=== Description of the task ===
Would you retype the whole listing exactly, leaving its pictures out?

[[ Provided material, beginning ]]

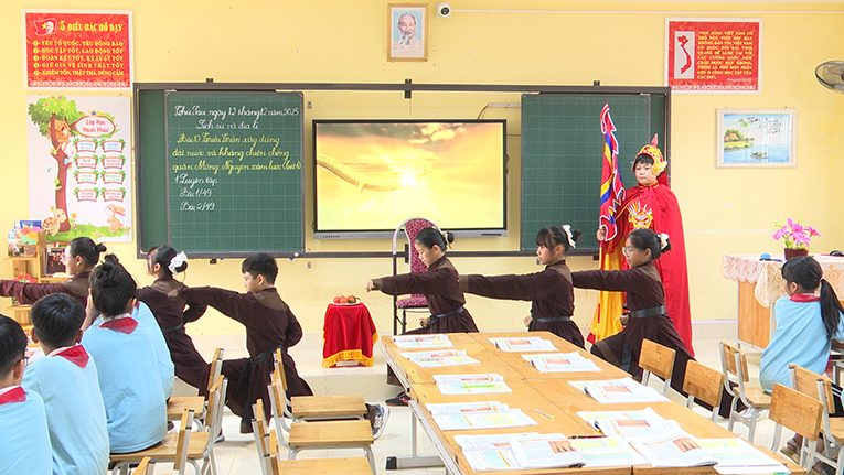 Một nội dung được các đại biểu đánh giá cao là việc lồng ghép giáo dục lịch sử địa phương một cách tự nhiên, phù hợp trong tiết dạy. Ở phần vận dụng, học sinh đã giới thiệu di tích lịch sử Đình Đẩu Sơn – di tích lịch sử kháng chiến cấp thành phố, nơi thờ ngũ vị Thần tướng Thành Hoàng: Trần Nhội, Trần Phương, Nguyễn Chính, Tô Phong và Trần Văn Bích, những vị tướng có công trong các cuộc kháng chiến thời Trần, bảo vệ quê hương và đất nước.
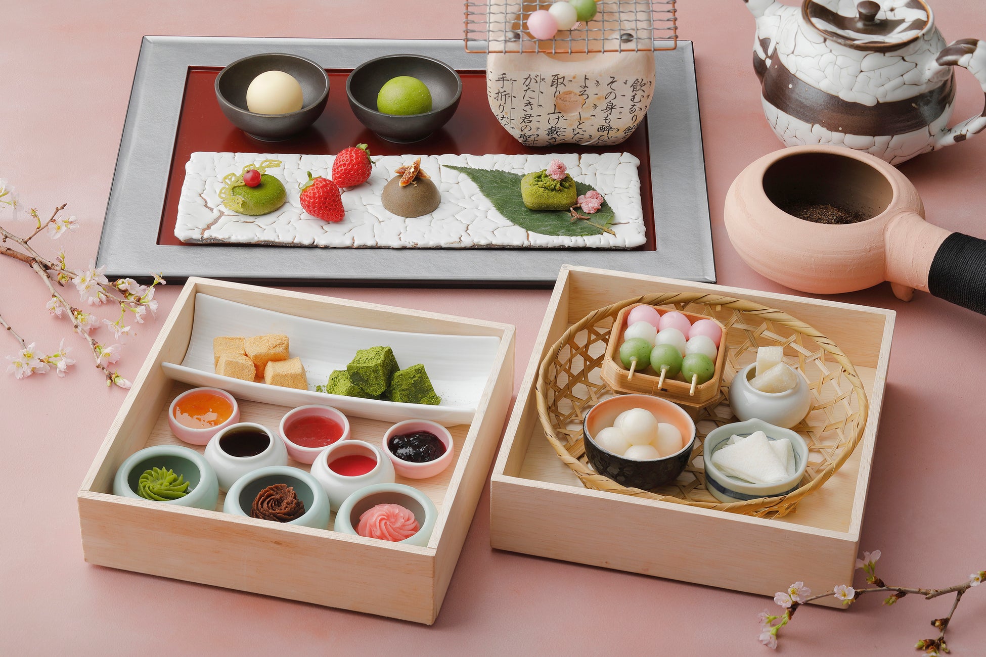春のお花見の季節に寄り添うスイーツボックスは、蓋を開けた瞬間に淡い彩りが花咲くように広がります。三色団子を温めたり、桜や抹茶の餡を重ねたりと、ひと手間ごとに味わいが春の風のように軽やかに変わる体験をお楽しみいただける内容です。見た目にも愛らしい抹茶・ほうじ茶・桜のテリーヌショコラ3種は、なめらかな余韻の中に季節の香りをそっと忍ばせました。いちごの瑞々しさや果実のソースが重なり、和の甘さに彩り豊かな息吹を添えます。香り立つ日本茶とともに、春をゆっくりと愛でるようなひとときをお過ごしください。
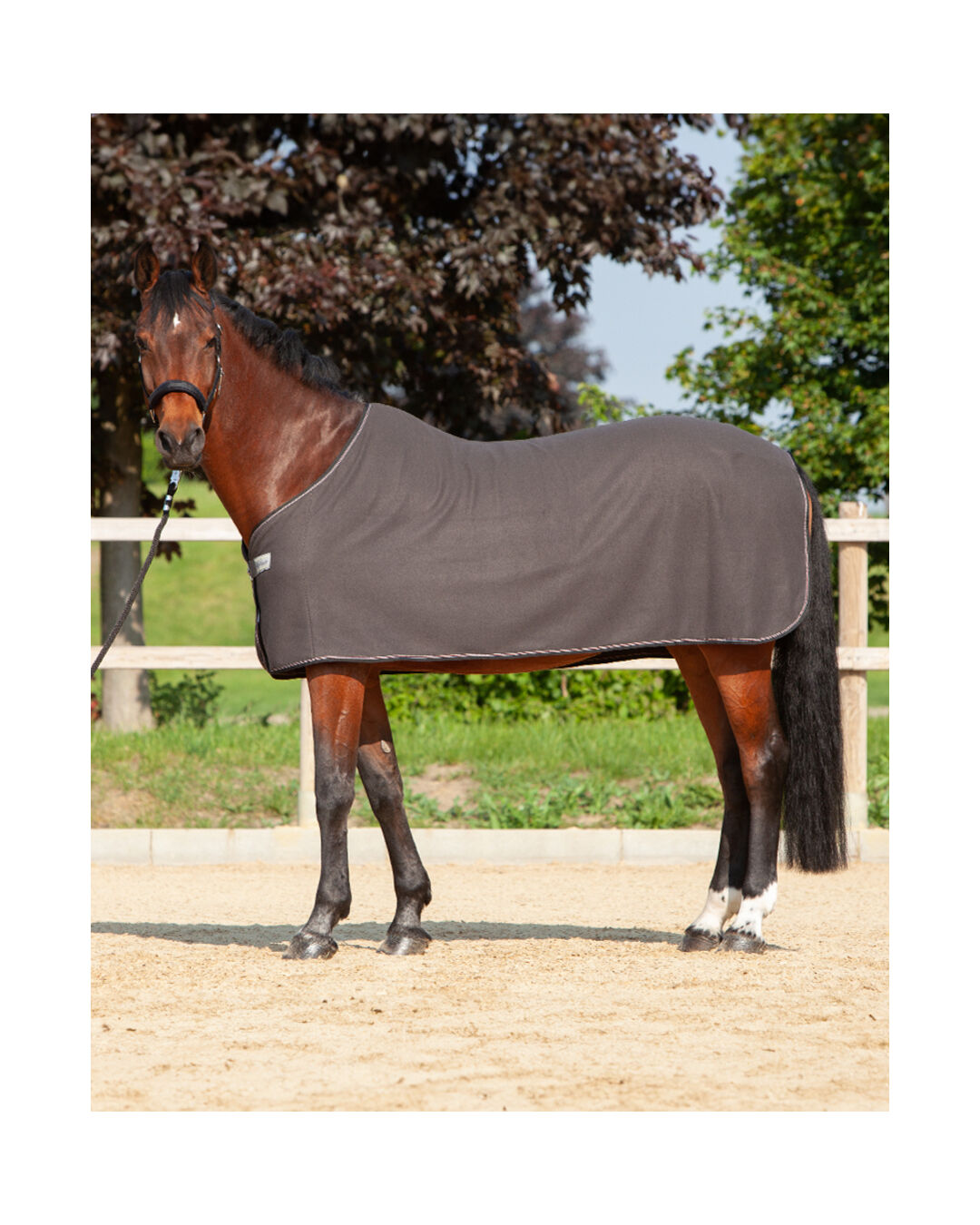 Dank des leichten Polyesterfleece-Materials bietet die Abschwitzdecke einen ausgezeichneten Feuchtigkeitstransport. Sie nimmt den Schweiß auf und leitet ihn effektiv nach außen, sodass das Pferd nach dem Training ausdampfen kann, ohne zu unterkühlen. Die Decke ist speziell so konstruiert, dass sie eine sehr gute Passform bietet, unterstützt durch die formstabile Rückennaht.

[[ Provided material, end ]]

=== Answer box ===
 Một nội dung được các đại biểu đánh giá cao là việc lồng ghép giáo dục lịch sử địa phương một cách tự nhiên, phù hợp trong tiết dạy. Ở phần vận dụng, học sinh đã giới thiệu di tích lịch sử Đình Đẩu Sơn – di tích lịch sử kháng chiến cấp thành phố, nơi thờ ngũ vị Thần tướng Thành Hoàng: Trần Nhội, Trần Phương, Nguyễn Chính, Tô Phong và Trần Văn Bích, những vị tướng có công trong các cuộc kháng chiến thời Trần, bảo vệ quê hương và đất nước.
春のお花見の季節に寄り添うスイーツボックスは、蓋を開けた瞬間に淡い彩りが花咲くように広がります。三色団子を温めたり、桜や抹茶の餡を重ねたりと、ひと手間ごとに味わいが春の風のように軽やかに変わる体験をお楽しみいただける内容です。見た目にも愛らしい抹茶・ほうじ茶・桜のテリーヌショコラ3種は、なめらかな余韻の中に季節の香りをそっと忍ばせました。いちごの瑞々しさや果実のソースが重なり、和の甘さに彩り豊かな息吹を添えます。香り立つ日本茶とともに、春をゆっくりと愛でるようなひとときをお過ごしください。
 Dank des leichten Polyesterfleece-Materials bietet die Abschwitzdecke einen ausgezeichneten Feuchtigkeitstransport. Sie nimmt den Schweiß auf und leitet ihn effektiv nach außen, sodass das Pferd nach dem Training ausdampfen kann, ohne zu unterkühlen. Die Decke ist speziell so konstruiert, dass sie eine sehr gute Passform bietet, unterstützt durch die formstabile Rückennaht.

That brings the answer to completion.